Ultrasound : This is an imaging test that uses sound waves to create pictures of body organs. Your doctor may use ultrasound to eliminate other diseases.
Upper endoscopy : This procedure involves passing a thin tube (endoscope) down the esophagus to examine the lining of the stomach.

What Is the Treatment for Gastroparesis?
Gastroparesis is a chronic (long-lasting) condition. This means that treatment usually doesn’t cure the disease. But there are steps you can take to manage and control the condition.
Some patients may benefit from medications, including:
Reglan (metoclopramide): You take this drug before eating and it causes the stomach muscles to contract and move food along. Reglan also decreases the incidence of vomiting and nausea. Side effects include diarrhea, drowsiness, anxiety, and, rarely, a serious neurological disorder.
Erythromycin: This is an antibiotic that also causes stomach contractions and helps move food out. Side effects include diarrhea and development of resistant bacteria from prolonged exposure to the antibiotic.
Antiemetics: These are drugs that help control nausea.
People who have diabetes should try to control their blood sugar levels to minimize the problems of gastroparesis.
Dietary Modifications for Gastroparesis
One of the best ways to help control the symptoms of gastroparesis is to modify your daily eating habits. For instance, instead of three meals a day, eat six small meals. In this way, there is less food in the stomach; you won’t feel as full, and it will be easier for the food to leave your stomach. Another important factor is the consistency of food; liquids and low residue foods are encouraged (for example, applesauce should replace whole apples with intact skins).

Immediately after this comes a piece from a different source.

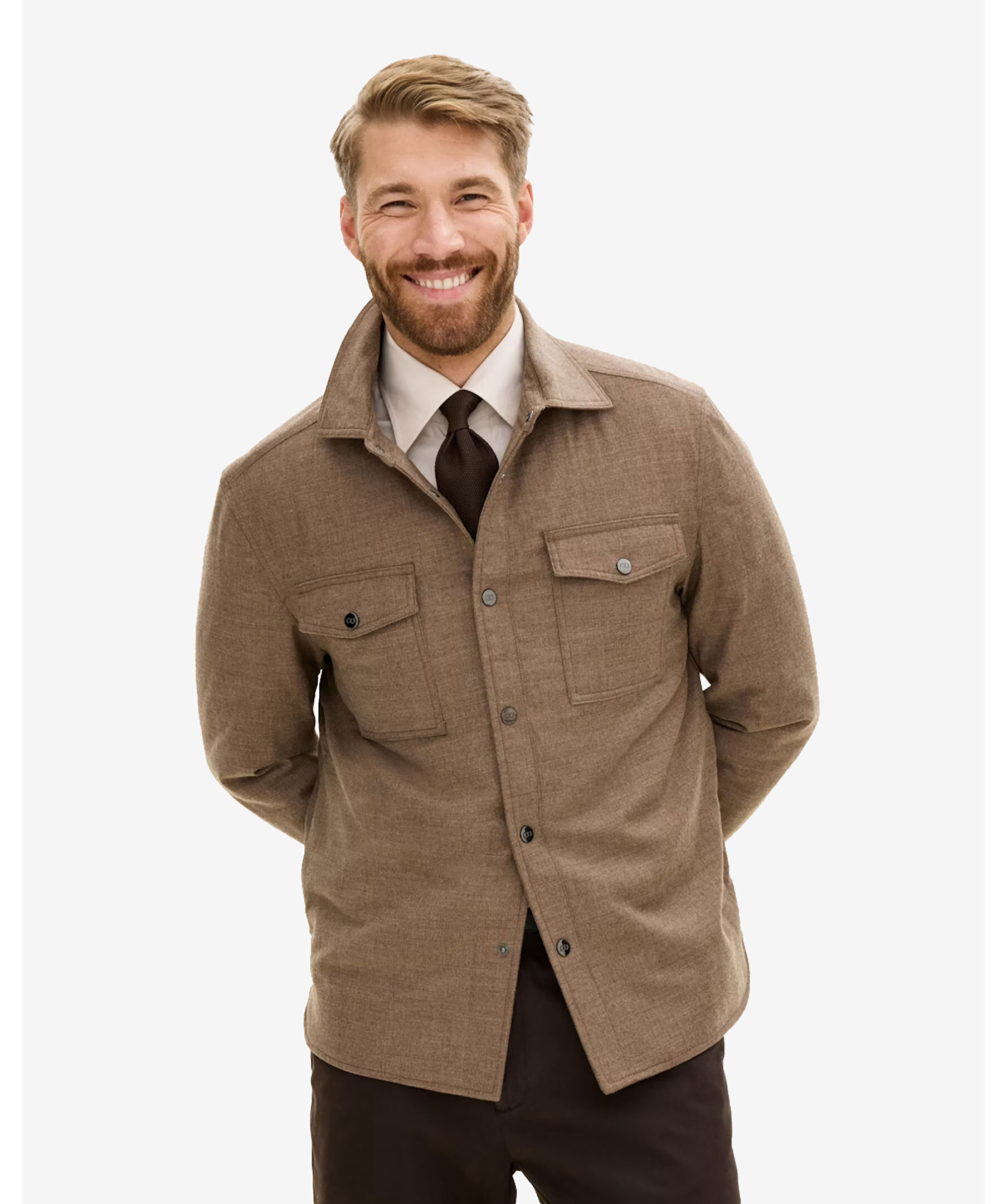 Overshirt från Oscar Jacobson. Tillverkad i en mjuk ullblandning. Overshirten kombinerar flanellens mjuka struktur med varm vaddering i polyester – perfekt för kyligare dagar. Med regular fit får du en stilren siluett som inte känns trång, medan den vadderade insidan tillför komfort och isolering. Perfekt som ett extra lager eller som självständigt plagg.

You should also avoid foods that are high in fat (which can slow down digestion) and fiber (which is difficult to digest).
Other Treatment Options for Gastroparesis
In a severe case of gastroparesis, a feeding tube, or jejunostomy tube, may be used. The tube is inserted through the abdomen and into the small intestine during surgery. To feed yourself, put nutrients into the tube, which go directly into the small intestine; this way, they bypass the stomach and get into the bloodstream more quickly.

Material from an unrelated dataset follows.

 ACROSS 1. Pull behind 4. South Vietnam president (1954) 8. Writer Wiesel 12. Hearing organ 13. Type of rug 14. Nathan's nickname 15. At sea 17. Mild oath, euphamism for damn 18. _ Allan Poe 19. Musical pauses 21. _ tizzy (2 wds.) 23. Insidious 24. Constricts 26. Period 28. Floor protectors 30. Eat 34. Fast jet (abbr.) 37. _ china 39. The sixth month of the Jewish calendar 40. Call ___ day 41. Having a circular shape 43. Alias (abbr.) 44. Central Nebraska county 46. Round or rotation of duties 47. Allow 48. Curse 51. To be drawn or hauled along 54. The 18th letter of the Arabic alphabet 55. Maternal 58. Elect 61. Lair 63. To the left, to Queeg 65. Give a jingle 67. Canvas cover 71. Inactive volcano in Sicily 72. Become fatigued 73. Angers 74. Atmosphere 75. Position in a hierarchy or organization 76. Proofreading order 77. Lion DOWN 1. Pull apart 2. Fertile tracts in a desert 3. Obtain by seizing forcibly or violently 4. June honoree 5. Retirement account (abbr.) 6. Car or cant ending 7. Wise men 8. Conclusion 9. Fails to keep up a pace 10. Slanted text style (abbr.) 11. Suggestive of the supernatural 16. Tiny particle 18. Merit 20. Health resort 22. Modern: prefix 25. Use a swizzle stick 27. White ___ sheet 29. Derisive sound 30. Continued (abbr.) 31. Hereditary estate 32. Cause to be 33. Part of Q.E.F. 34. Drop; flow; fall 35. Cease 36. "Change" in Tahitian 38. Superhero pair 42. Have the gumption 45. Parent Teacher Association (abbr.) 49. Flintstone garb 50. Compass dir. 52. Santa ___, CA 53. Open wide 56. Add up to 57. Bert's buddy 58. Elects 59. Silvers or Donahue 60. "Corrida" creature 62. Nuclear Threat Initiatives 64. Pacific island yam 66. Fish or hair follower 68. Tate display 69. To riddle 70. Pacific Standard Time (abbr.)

Using an instrument through a small incision, botulinum toxin (such as Botox) can be injected into the pylorus, the valve that leads from the stomach to the small intestine. This can relax the valve, keeping it open for a longer period of time to allow the stomach to empty.
Another treatment option is intravenous or parenteral nutrition. This is a feeding method in which nutrients go directly into the bloodstream through a catheter placed into a vein in your chest. Parenteral nutrition is intended to be a temporary measure for a severe case of gastroparesis.
Electrical stimulation for Gastroparesis
Electrical gastric stimulation for gastroparesis uses electrodes that are attached to the stomach wall and, when stimulated, trigger stomach contractions. Further studies are needed to help determine who will benefit most from this procedure. Currently, only a few centers across the country perform electrical gastric stimulation.